Right in line with his fantasy, the locals did take notice as soon as he walked in the door of the Winking Dog. All heads had turned, and conversations stopped.

Paul stood frozen in the doorway, his psychic hairs bristling like a cat sensing danger from the shadows. It was as if he'd intruded on an orgy, the closest image his mind could come up with for what was going on.

And yet there was nothing happening in there. Darts were being thrown, girls chatted up, cigarettes smoked. At the bar sat a cluster of men in their twenties. They were dressed in the summertime attire of young men everywhere: baggy shorts, loose T-shirts, ball caps. But they watched him with glittery-eyed interest. Grinning, unshaven, one or two with long, greasy hair jutting beneath their caps.

"Hi, Paul," one of the grinning men said, his voice like gravel at the bottom of a wheelbarrow. His whiskers and brim-shadowed eyes shone black against his pale face.

Paul nodded. More than once he'd made sales presentations to grim, hard-faced clients and plowed on as though he couldn't read their doubts. He'd held the shocked or sullen glances of employees while terminating them on more occasions than he liked to recall, but he failed this time and this time only. He couldn't force a return greeting from his locked jaw.

Then another sound goosebumped his arms and the back of his neck. A low rumble, something you felt in your feet before your eardrums caught notice. The slow warning growl of a threatened animal. A big animal. A sound you'd take very seriously if it came out of the dark woods.

Just as intimidating coming out of a dark bar.

Paul backed up a step until his spine pressed against the door that had closed behind him.

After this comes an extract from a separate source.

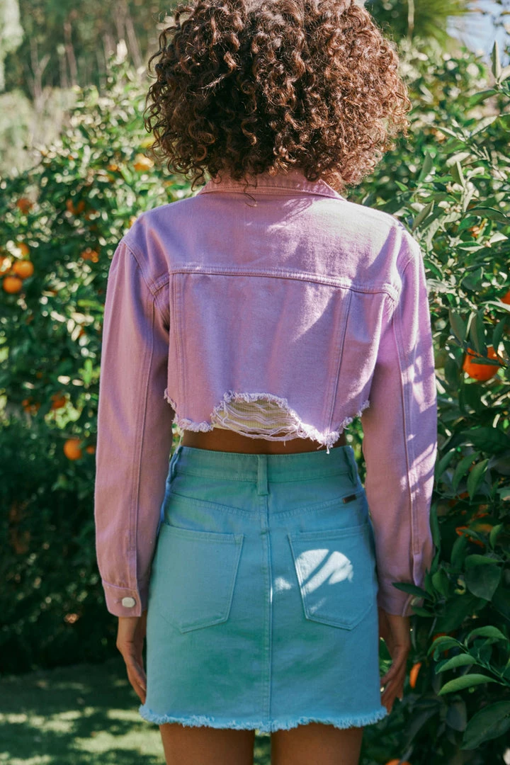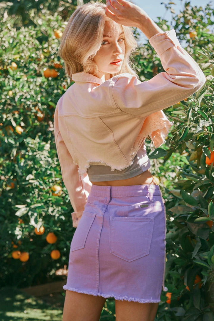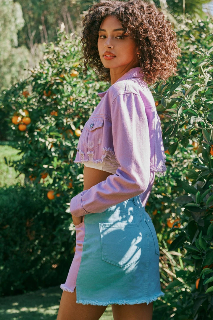 Color block mini skirt that is perfect for maintaining a trendy summer look, featuring center zipper front and raw frayed step hem.

It had come from the dark-whiskered man who'd spoken to him.

"Purcell," warned the bartender, a rangy, broad-shouldered man with a jewel twinkling in one earlobe.

Paul gave his watch an exaggerated glance, shook his head and mumbled something that was supposed to imply a need to leave the premises as suddenly as he'd entered.

Someone snickered. "Guess you got places to go." He had a male model's sharp, clean features under a spike of unwashed blond hair, and a high taunt of a voice.

Without his eyes deviating from the crowd, Paul reached behind him and found the doorknob. As he did, he heard the unearthly, deep-throated growl again, a sound so untamed that he would have been sure it came from the television over the bar except that it relayed nothing more beastly than a Tigers ballgame.

"Stop in again, Paul, when you have more time," the one named Purcell said, his voice still faintly tainted with the sound that had worked its way up his throat seconds before.